The material below holds the lines to copy: from the one with "1833 . . Capped" up to and including the one with "男方婚内出轨离婚的协议书男方". Copy them exactly and skip the pictures.

START Given records

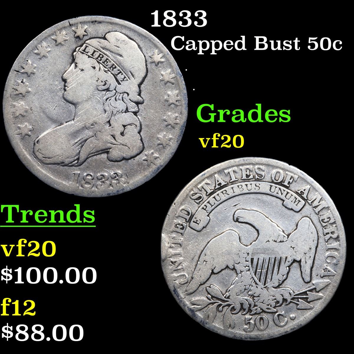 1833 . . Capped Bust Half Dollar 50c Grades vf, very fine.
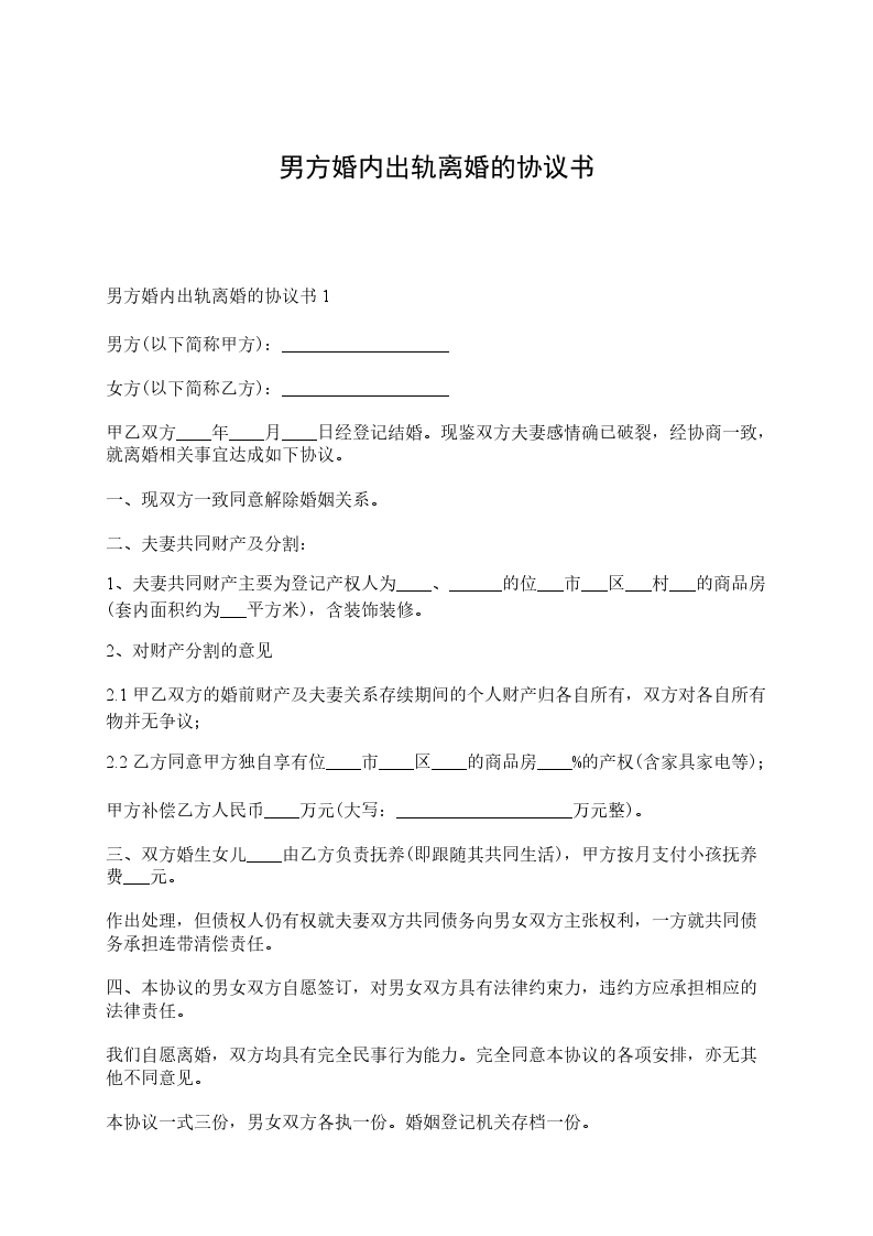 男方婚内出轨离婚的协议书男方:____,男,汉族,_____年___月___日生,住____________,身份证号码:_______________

END Given records
START Given records

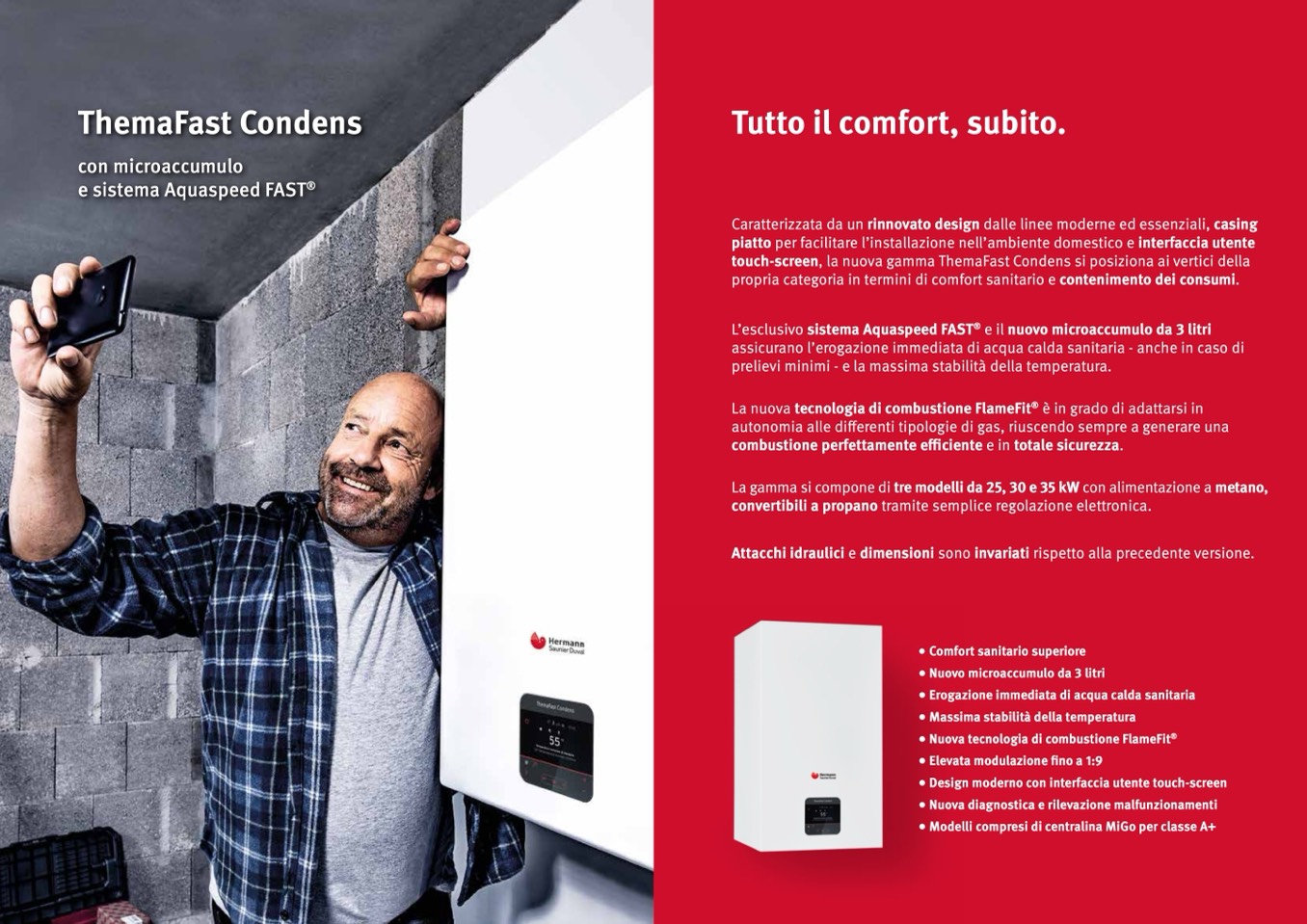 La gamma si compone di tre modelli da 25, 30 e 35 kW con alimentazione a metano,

END Given records

**Result**
 1833 . . Capped Bust Half Dollar 50c Grades vf, very fine.
 男方婚内出轨离婚的协议书男方:____,男,汉族,_____年___月___日生,住____________,身份证号码:_______________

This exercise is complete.